(Provided material begins)
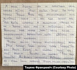 «Саша малайчына, трымаецца бадзёра і мяне стараецца падтрымаць празь лісты. У апошні час лісты пачалі затрымліваць, ужо тры тыдні няма. А так Саша не маркоціцца, нягледзячы на тое, што мае праблемы са здароўем: у яго адна нырка. Як і раней, Саша пісаў у лістах, каб я не хвалявалася, што гэта не назаўжды і што за чорнай ноччу заўсёды прыходзіць сьвітанак».
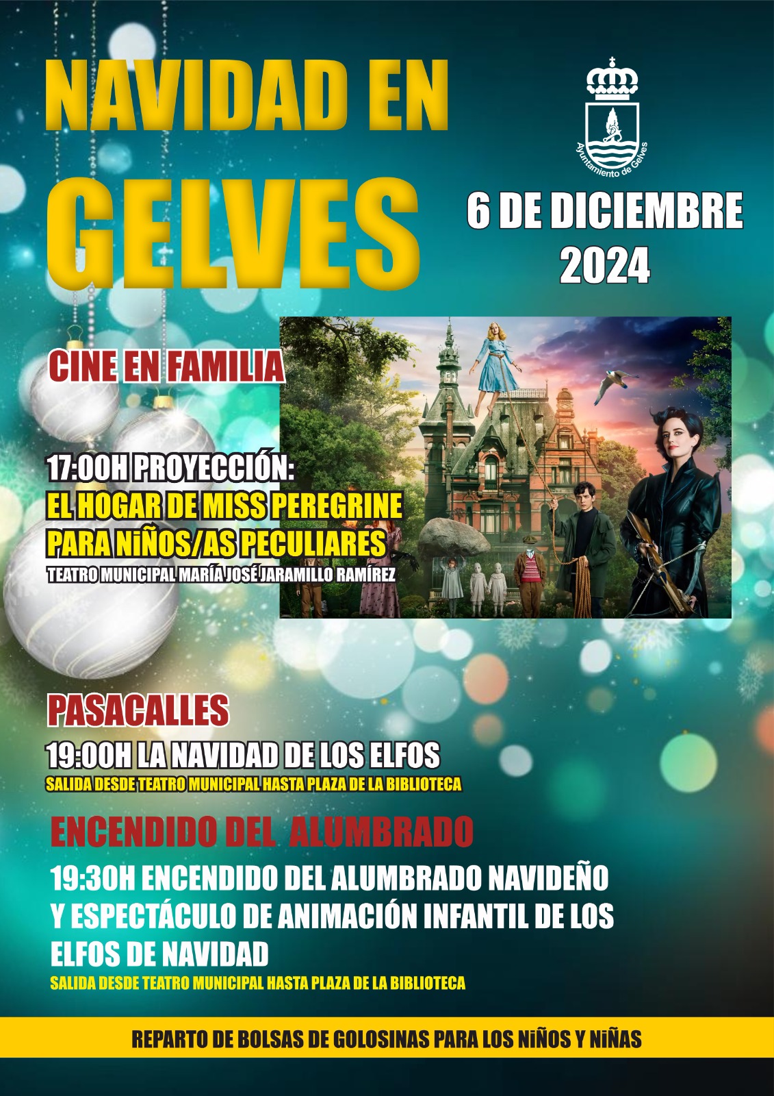 Habrá cine en familia, pasacalles y espectáculo de animación infantil de los Elfos de Navidad, además de reparto de golosinas para niños/as, a partir de las 5 de la tarde.
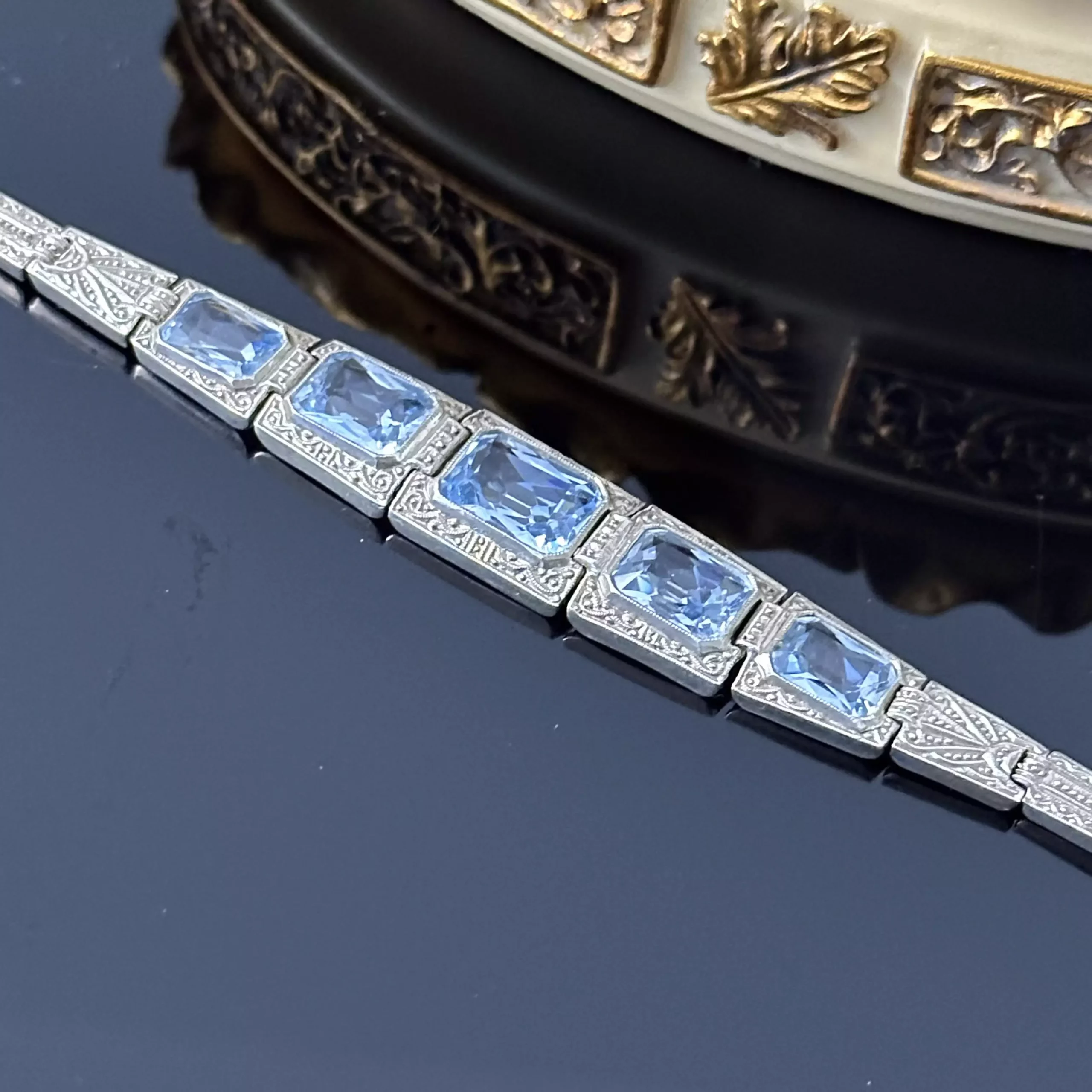 Srebrna bransoletka z Akwamarynami – oryginał Art Deco
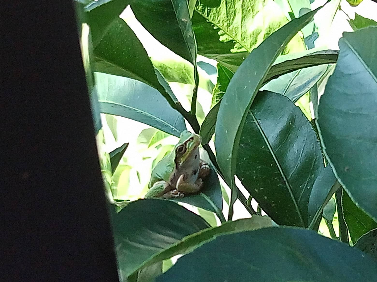 7月下旬から8月の真夏日には、カエルが干からびまいと日陰を求めてやって来るくらいには、日光が入りません( 一一)
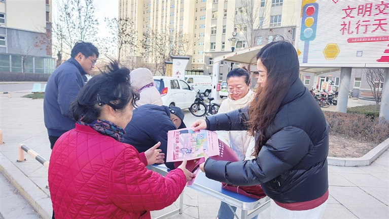 “雨雪天路面湿滑,骑车要放慢速度,戴好头盔才能护好安全”“过马路记得走斑马线,尽量避开早晚高峰”……在辖区人流密集的广场、小区出入口等地的宣传点,志愿者们手持图文并茂的宣传页,向来往居民逐一发放讲解。结合冬季出行特点,志愿者有针对性地普及安全要点,现场解答居民关于交通违法处理的咨询,互动氛围热烈。
(Provided material ends)
§ Action item: Set down exactly, and only, the lines from the one holding "Habrá cine en" to the end of the records above, leaving every picture out.

§ Result of this exercise:
 Habrá cine en familia, pasacalles y espectáculo de animación infantil de los Elfos de Navidad, además de reparto de golosinas para niños/as, a partir de las 5 de la tarde.
 Srebrna bransoletka z Akwamarynami – oryginał Art Deco
 7月下旬から8月の真夏日には、カエルが干からびまいと日陰を求めてやって来るくらいには、日光が入りません( 一一)
 “雨雪天路面湿滑,骑车要放慢速度,戴好头盔才能护好安全”“过马路记得走斑马线,尽量避开早晚高峰”……在辖区人流密集的广场、小区出入口等地的宣传点,志愿者们手持图文并茂的宣传页,向来往居民逐一发放讲解。结合冬季出行特点,志愿者有针对性地普及安全要点,现场解答居民关于交通违法处理的咨询,互动氛围热烈。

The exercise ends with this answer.